WISDOM UNDER THE MARQUEE
Near the end of Amor Towles’ best selling novel A Gentleman in Moscow it becomes obvious the author has gone to great lengths and used his considerable talents to allow one of his characters to say, “Gather up the usual suspects.” This iconic line from the classic 1943 movie Casablanca, which captures the corruption and cynicism of people trapped in war, started me thinking about why lines from movies have stayed in my mind.
One Flew Over the Cuckoo’s Nest released in 1975 remains my favorite movie. While there are many memorable moments in this biting satire of life in a psychiatric ward, based upon the Ken Kesey novel, the scene where Jack Nicholson’s character, Randle Patrick McMurphy, offers a stick of gum to the silent Chief as they are waiting for their electroshock treatments resonates the most to me.
“Mmm, Juicy Fruit.” intones the heretofore mute Chief much to McMurphy’s surprise and delight. As McMurphy extols, Chief fooled them, he fooled them all. This appeals to my sense of putting something over on everyone who is oppressing you. Chief had been making a statement by not making a sound.
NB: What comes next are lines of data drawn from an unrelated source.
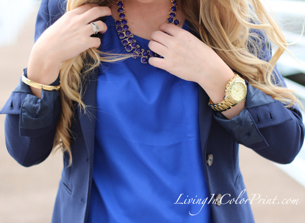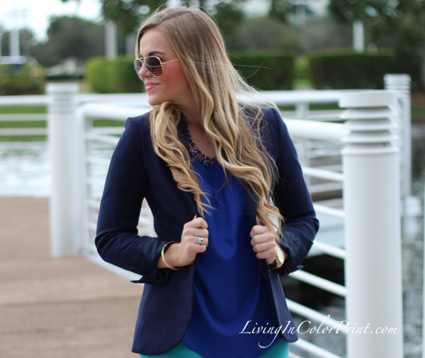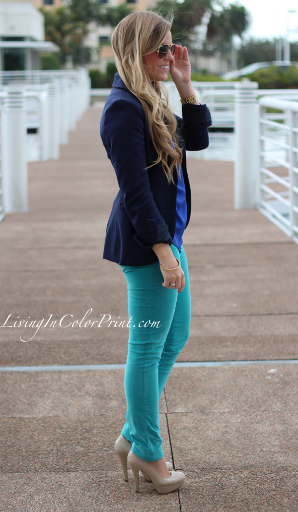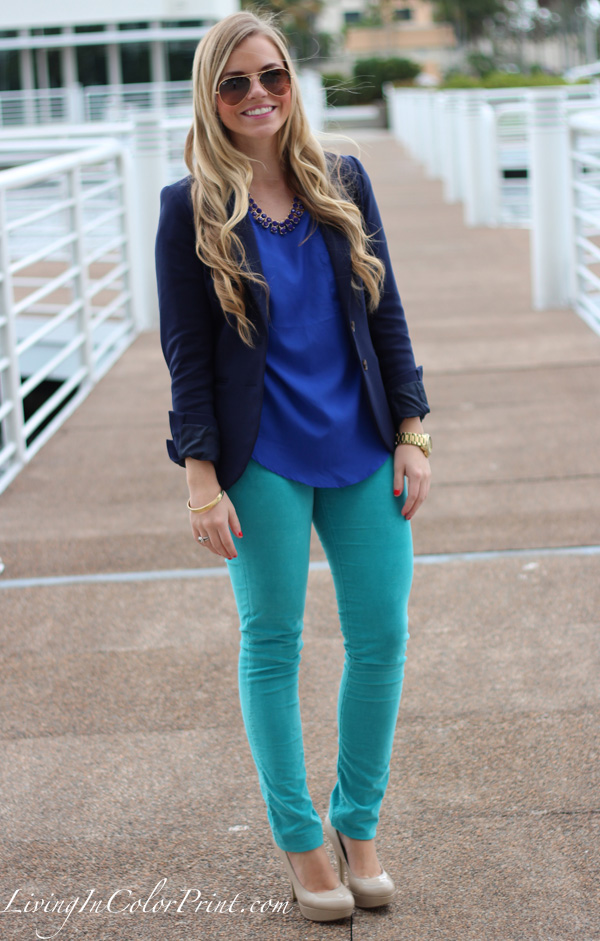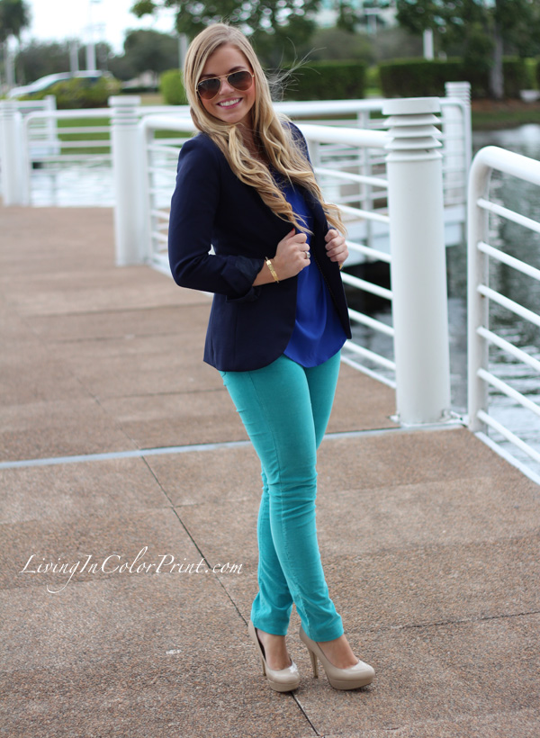 I’ve paired these turquoise David Kahn jeans with a cobalt blouse and navy blazer.
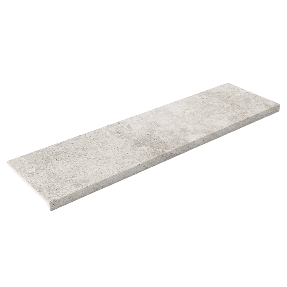 Серебристая фронтальная ступень из коллекции Crosscut привносит в пространство стиль и элегантность. Эта ступень имитирует поперечный срез травертина, предлагая уникальный визуальный эффект с пористой текстурой и естественными полостями, что делает её идеальным решением для современных интерьеров.
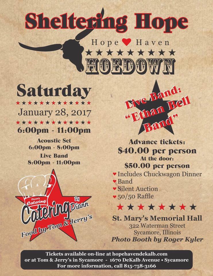 Hope Haven is sponsoring a Sheltering Hope Hoedown this Saturday, January 28th, 2017 from 6:00pm to 11:00pm. Tickets include a Chuckwagon Dinner, live music from the Ethan Bell Band, a Silent Auctions and a 50/50 raffle. Have lots of fun with the Photo Booth on site by Roger Kyler too!
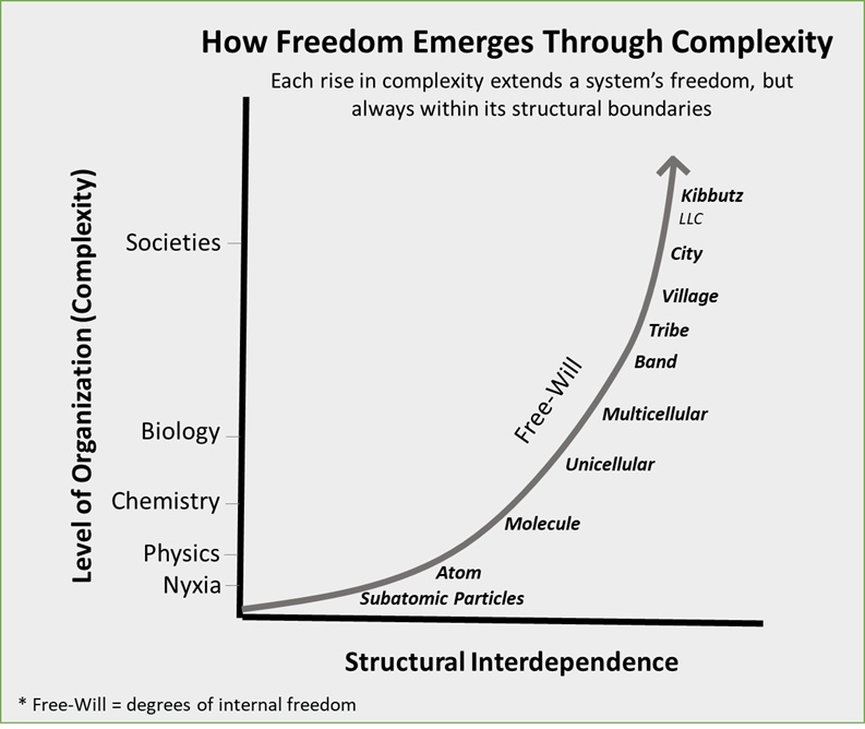 The Law Beyond Mechanics According to the Universal Law of Increasing Complexity, the universe evolves from low to high order, from simplicity to structured richness. This overall trajectory is determined, yet within it exists room for freedom at every level of existence. A subatomic particle does not follow a single predetermined path but exists as a spectrum of lawful possibilities until interaction selects one, while molecules add further freedom through the many configurations in which atoms can bind and stabilize. Cells inherit this flexibility and transform it into adaptive behavior, maintaining coherence amid continuous change. Conscious beings extend it further by anticipating multiple futures before choosing among them, and societies amplify it collectively by aligning many minds around shared direction. With each rise in complexity, the number of coherent possibilities and the capacity for internal freedom expand, revealing that freedom is not the absence of law but its most refined expression. Freedom therefore grows with complexity, yet always remains within the boundaries of law. The direction of the universe is predetermined, but the path it takes can vary and accommodate choice. Determinism provides the structure of motion, while freedom gives it orientation and meaning. As expressed in the Jewish parable from Avot (3:15), “Everything is expected, yet permission is given”, a concise acknowledgment that although events unfold within law, every moment still carries the power of decision. To understand how this universal principle manifests in living and human systems, we now turn to the structures through which freedom becomes agency. The Architecture of Agency Every structure that endures does so because it maintains direction within law, an internal orientation that keeps energy and structure aligned toward a shared purpose. When that orientation weakens, coherence begins to break down, and the system loses its ability to stay together. The same principle that governs the atom governs civilization: stability relies on the ongoing renewal of alignment among energy, structure, and direction. Whenever this renewal stalls, decline happens not as failure or punishment but as the natural result of structural imbalance. The same structural logic that governs matter also governs human prosperity. A society that rejects free will abandons its internal causality. It loses faith that change is possible and, along with it, the mechanisms that make change real. Courts then view wrongdoing as inevitable, governments see poverty as destiny, and citizens accept limitations as if they were natural. Fatalism replaces intention, and motion continues without progress. I have seen this not only in theory but also in real life. When I asked smallholder farmers in Africa about their dreams, many couldn't name even one. Their silence was not due to ignorance but resignation, an acceptance of reality as it is, a quiet surrender that happens when imagination is replaced by endurance. The absence of a dream isn't just a mental state but a sign of structural loss of hope, the same paralysis that occurs when systems forget how to envision the future. It's not just poverty of income but poverty of direction, a loss of the internal ability to shape what comes next. When this condition spreads through a society, the triad that sustains all living systems - feedback, anticipation, and coherence - begins to fall apart. Feedback allows systems to learn from the effects of their own actions; anticipation helps them prepare for likely future states, such as a cell activating defenses before damage occurs or a market adjusting prices ahead of shortages; coherence maintains internal stability as these adjustments happen. When any one of these elements weakens, the system loses its ability to guide its own evolution. Without feedback, there is no learning; without anticipation, no purpose; and without coherence, no continuity. The outcome is not stability but stagnation masquerading as order, a state that appears balanced while hiding decay. Economies are social systems that follow the same triadic law: feedback through markets, anticipation through investment, and coherence through trust. From the earliest tribes to the most advanced institutions, human societies have sought a balance between freedom and structure. In tribal communities, cohesion was strong but freedom was narrow; belonging replaced autonomy, and conformity ensured survival. As civilizations grew, feudalism tied people to land and lords, providing stability at the expense of choice. The Kolkhoz reversed the hierarchy but not the control: collective ownership replaced the lord, yet individual freedom remained absent, and innovation could not flourish. The traditional village gave families complete freedom but lacked binding structure beyond kinship, dispersing energy and preventing growth. The limited liability company introduced structured freedom, individual initiative within an organized framework, allowing prosperity to increase through cooperation without coercion. The Kibbutz extended this idea further, creating a society where structure encompassed all aspects of life so that freedom could endure within coherence even beyond the workday. Across these forms, the same pattern appears: systems thrive when freedom and structure advance together and falter when one overtakes the other. The emergence of the limited liability company marked a key moment in human development. It created equality between capital and labor through shared risk and responsibility, giving workers and managers considerable freedom within a clear framework. It formalized structured freedom, allowing complexity to expand without breaking down. This combination of liberty and structure made it the most successful economic organization in history. The Kibbutz expanded on this idea beyond factories and markets. While a company employee is free at work but detached outsi
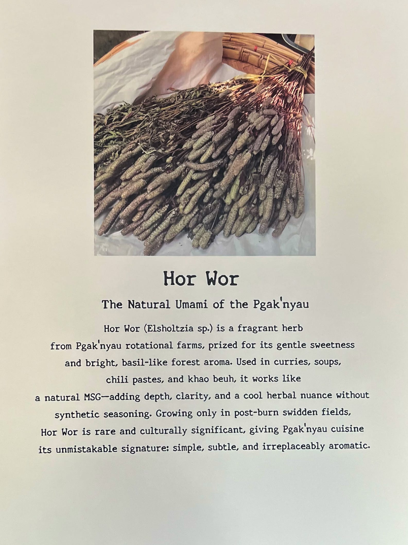 After introducing himself, Chef Eak quickly explained to us a range of ingredients, many of which I had not encountered. Like hor tee la (a fern which adds umami and sweetness to soups) and ba-geu-eur (fermented dried mustard greens with “gentle sour notes” and a smoky scent).
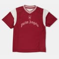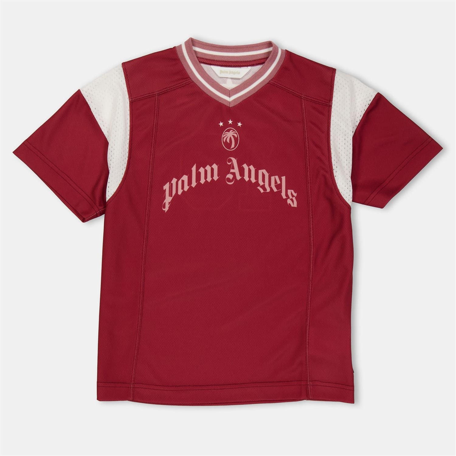 This Palm Angels top features a regular fit with a distinctive graphic pattern. It is designed with short raglan sleeves and a V-neckline, complemented by a ribbed collar for added style. -
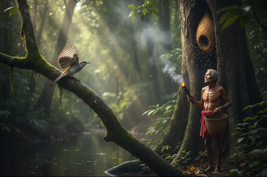 Птица-медоуказчик, обитающая в Африке, сама не может добраться до ульев, чтобы полакомиться мёдом. Но она очень умна: она находит улей и затем ведёт человека к нему. Она щебечет и летает особым образом, привлекая внимание. Когда человек находит улей и выкуривает пчёл, он забирает мёд, а птица в награду получает остатки воска, который ей нужен для питания. Этот удивительный союз помогает обоим видам: птица получает еду, а человек — источник сладкого лакомства.
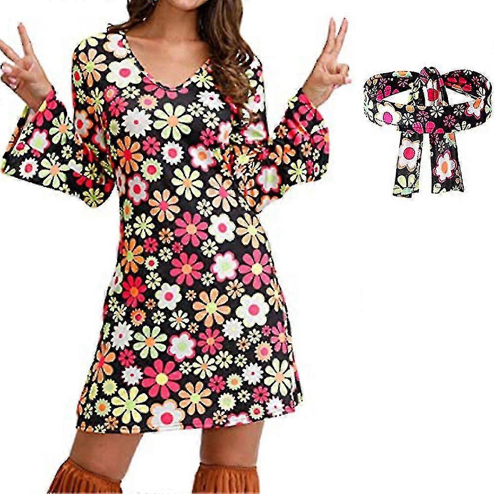 70s 80s Hip Hop Costume Set Women Disco Hippie Dress Headband Halloween Cosplay Outfit
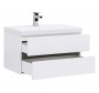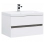 Тумба с раковиной Aquanet Беркли 80 белый/дуб рошелье имеет изюминку - контрастную декоративную полосу между ящиками в цвете «дуб рошелье». Корпус и фасады тумбы выполнены из влагостойкого ЛДСП и покрыты глянцевой белой эмалью. В конструкции тумбы использованы интегрированные ручки без острых краев и внутренних углов.
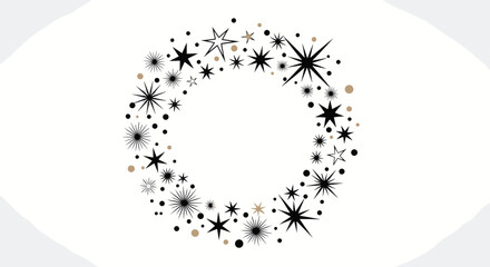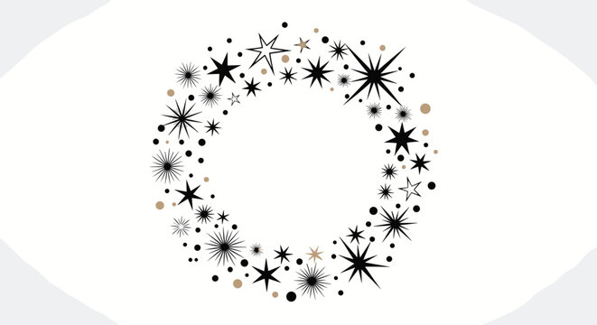 A festive wreath of black and gold stars isolated on white background creates a celestial and elegant design, perfect for holiday greetings and celebrations
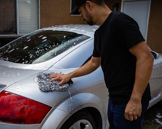 - Unmatched Absorption: High-grade 70/30 microfiber strands are packed into every square inch, soaking up tons of suds. Our mitts hold a whopping 7 times their weight in water, allowing for a fast, streak-free wash without lint left behind.
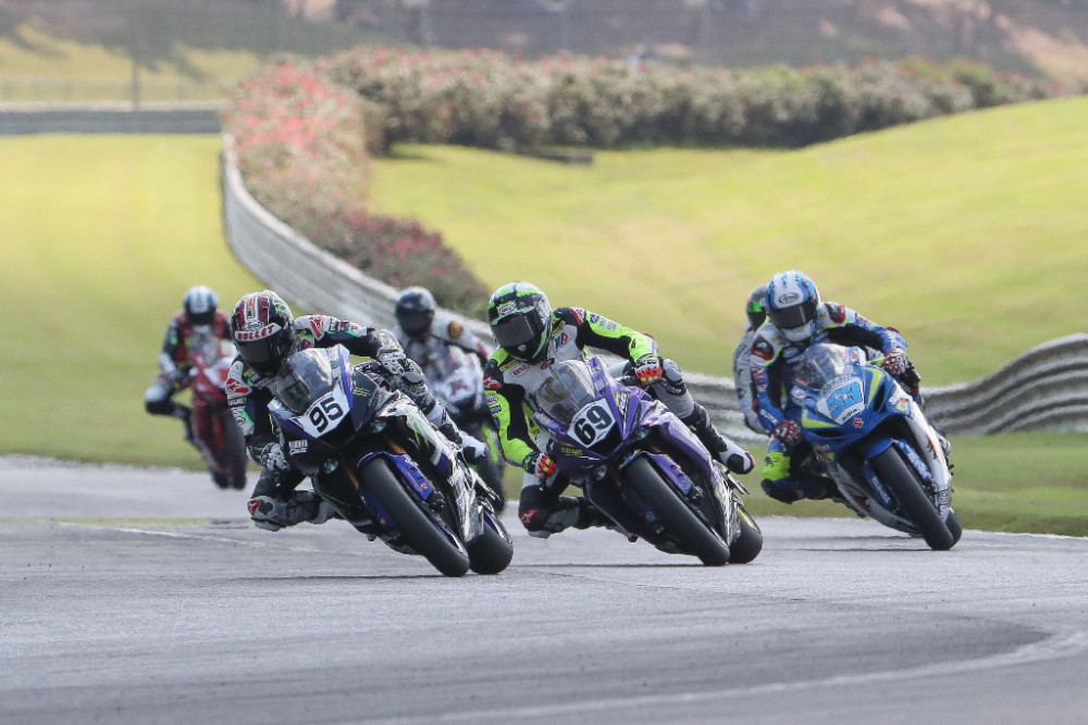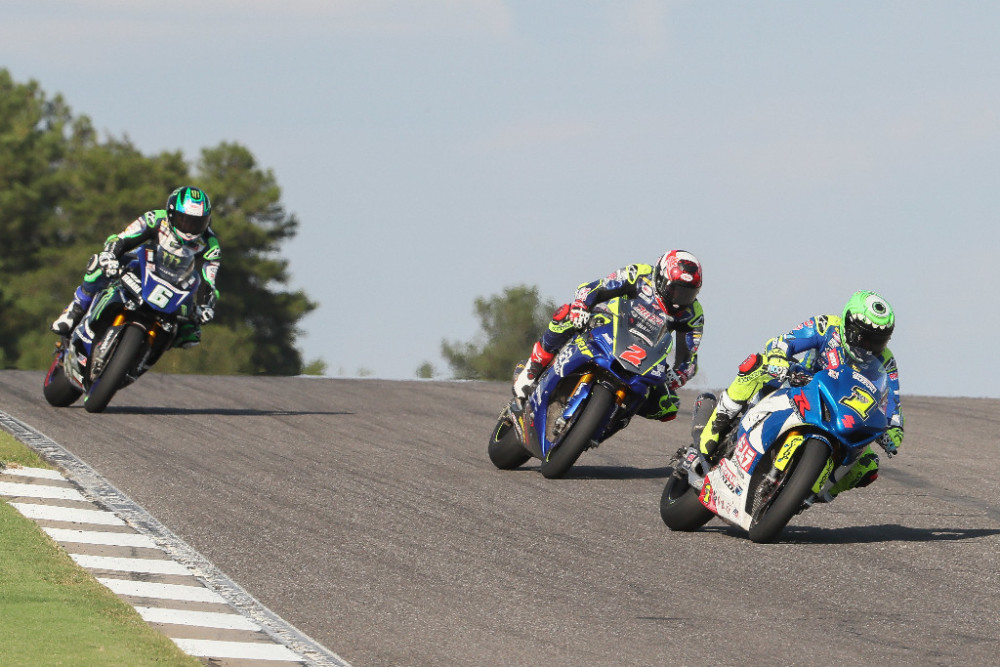 In Supersport, Rickdiculous Racing’s Hayden Gillim, who has been developing somewhat of a reputation as a “rain rider” this season, with his two previous wins occurring in wet weather, showed his prowess on a dry track when he got the victory over Monster Energy/Yamaha Extended Service/Graves/Yamaha’s JD Beach, who finished second in Saturday’s race after already clinching the class championship in New Jersey. M4 ECSTAR Suzuki rider Valentin Debise returned to form after recovering from his crash in Pittsburgh two rounds ago, and he finished third.

One of the main conceits in Steve Martin’s witty 1991 movie, L.A. Story is an electronic freeway traffic sign which mystically begins giving life and love advice to Martin’s character, Los Angeles television weatherman Harris K. Telemaker. After dispensing life changing riddles and prods to Telemaker throughout this delightful romp, when love conquers all the sign sparks out one final observation before returning to the mundane task of traffic control, “What I Really Want To Do Is Direct.” The perfect bon mot in a film which skewers the pretentiousness of life in the Los Angeles bubble of mini-celebrity. It also, contradictorily, expresses the universal desire to do something else, something glamorous with our lives.
When femme fatale Magenta gives the newly minted Rocky a lukewarm review of
“He’s ok.” in the 1976 cult hit The Rocky Horror Picture Show, Rocky’s creator Dr. Frank N. Furter, played to ludicrous perfection by Tim Curry, snarls his response, “I didn’t make him for you. (Pause) I made him for me!” This perfectly phrased rejoinder shows that even a mad scientist from Transylvania can bristle at criticism of their life’s work. Sometimes you just have do things to please yourself.
1964’s Dr. Strangelove or: How I learned To Stop Worrying And To Love The Bomb showcases Peter Sellers’ acting skills as he plays three wildly disparate characters. However, it is Sterling Hayden’s portrait of deranged General Jack D. Ripper which stays with me to this day. After erroneously releasing war planes armed with nuclear bombs towards Russia, General Ripper rants to one of Sellers’ characters, “Fluoridation is the most monstrously conceived and dangerous plots we have ever had to face.” It only gets more bizarre from here in this send up of cold war paranoia and the insanity which can reside in people placed in powerful positions.
Reviewing my above choices of movies I seem to have gone to great lengths and used my modest talents to describe films about; mental illness, accidental nuclear war, transvestite chicanery and lives filled with vanity. To lighten my screed I’ll conclude by retrieving the earliest verbal movie memory I still retain.
Walt Disney’s 1946 release of the part animation, part actors film Song of the South was not without controversy. Some viewers and critics saw the movie as condoning the subjugation of blacks, but, the lead black actors in the project disagreed. What the toddler boy I was then came out of the theater with was the catchy, upbeat refrain from a song, “Zippa-dee doo da zippy dee day plenty of sunshine heading my way.” sung by James Baskett. Our current time in history warrants a tenacious, stubborn clinging to such optimism in the face of potentially grave adversity. We must still pursue “wonderful days”.
Six very diverse movies and I can’t say for certain why these particular lines still resonate with me. Perhaps that is just part of the magic of movies.
For now, I’m heading to an afternoon matinee at the Avon. That will “Make my day!”